The most similar and dissimilar pairs in the data
Look at the most similar and dissimilar pairs in the data
The most similar pair of observations:
data[
which(gower_mat == min(gower_mat[gower_mat != min(gower_mat)]),
arr.ind = TRUE)[1, ], ]
## LanguageWorkedWith Age YearsCode
## 910 Bash/Shell/PowerShell;C++;JavaScript;Python;R 24.0 23
## 759 JavaScript;Python;R;SQL 24.5 23
## YearsCodePro WorkLoc OpenSourcer
## 910 12 Office Less than once per year
## 759 12 Office Less than once per year
In our case 910 and 759 are the most similar. And these pairs make sense.
The most dissimilar pair of observation:
data[
which(gower_mat == max(gower_mat[gower_mat != max(gower_mat)]),
arr.ind = TRUE)[1, ], ]
## LanguageWorkedWith
## 4394 Bash/Shell/PowerShell;C;C++;HTML/CSS;Java;JavaScript;PHP;Python;R;SQL
## 4385 Assembly;Bash/Shell/PowerShell;C;C++;C#;Clojure;Dart;Elixir;Erlang;F#;Go;HTML/CSS;Java;JavaScript;Kotlin;Objective-C;PHP;Python;R;Ruby;Rust;Scala;SQL;Swift;TypeScript;VBA;WebAssembly;Other(s):
## Age YearsCode YearsCodePro WorkLoc OpenSourcer
## 4394 98 1 1 Office Never
## 4385 18 52 46 Home Once a month or more often
4394 and 4385 are most dissimilar. Also, these pairs make sense.

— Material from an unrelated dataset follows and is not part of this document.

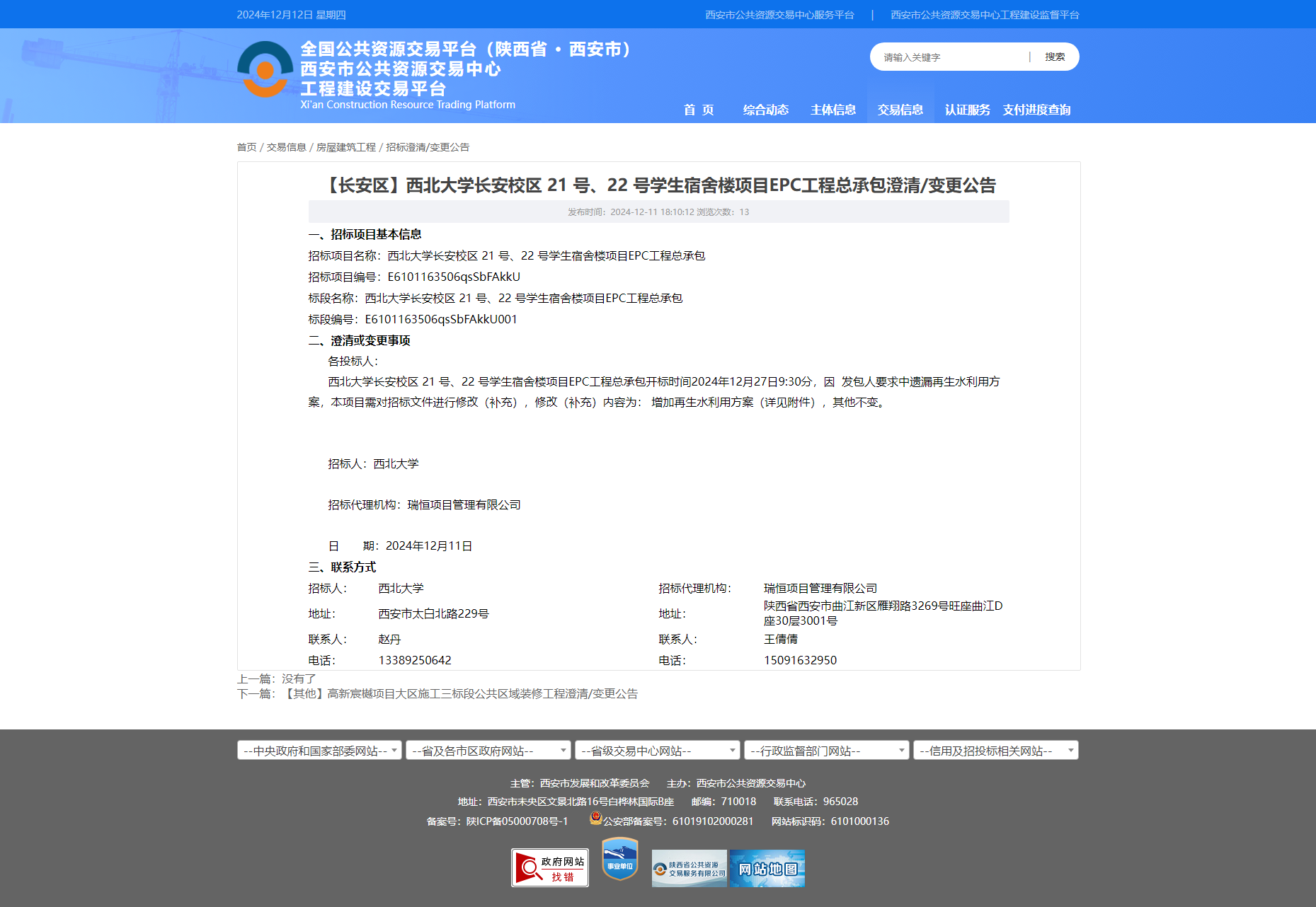 广发体育长安校区 21 号、22 号学生宿舍楼项目EPC工程总承包澄清/变更公告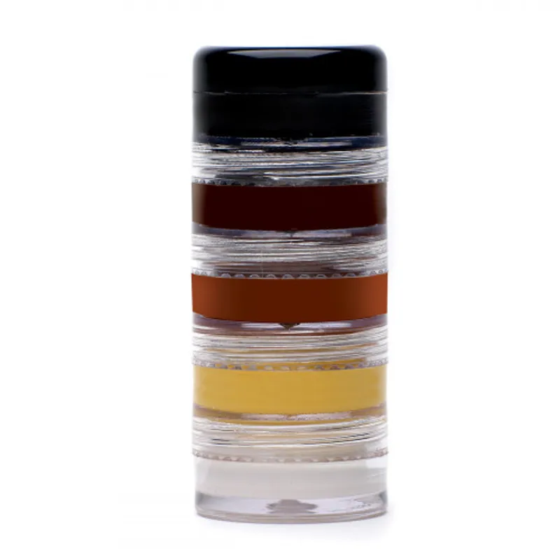 Stacking palette of 5 matt make up colours – black, dark brown, chestnut, palomino and white for blending and mixing when smaller quantities are required for coveruing marks, scars or stray coloured hairs.

Choosing the clustering algorithm
We will use partitioning around medoids (PAM) for handling a custom distance matrix.
PAM is an iterative algorithm. A ‘medoid’ is the observation that would yield the lowest average distance if it were to be re-assigned to the cluster it is assigned to. It works well with n < 10,000 observations per group.
Look at the silhouette width metric. This is an internal validation metric, an aggregated measure of how similar an observation is to its own cluster, compared to its closest neighboring cluster. The metric can range from -1 to 1, where higher values are better.
Calculate silhouette width for many several solutions using PAM:
Plot the sihouette width (larger value is better):
plot(1:10, sil_width,
xlab = "Number of clusters", xaxt='n',
ylab = "Silhouette Width",
ylim = c(0,1))
axis(1, at = seq(2, 10, by = 1), las=2)
lines(1:10, sil_width)
Conclusion: select the 10-cluster solutions as it has the highest silhouette width.
Interpret the solution: by running summary on each cluster
data$cluster <- as.factor(pam_fit$clustering)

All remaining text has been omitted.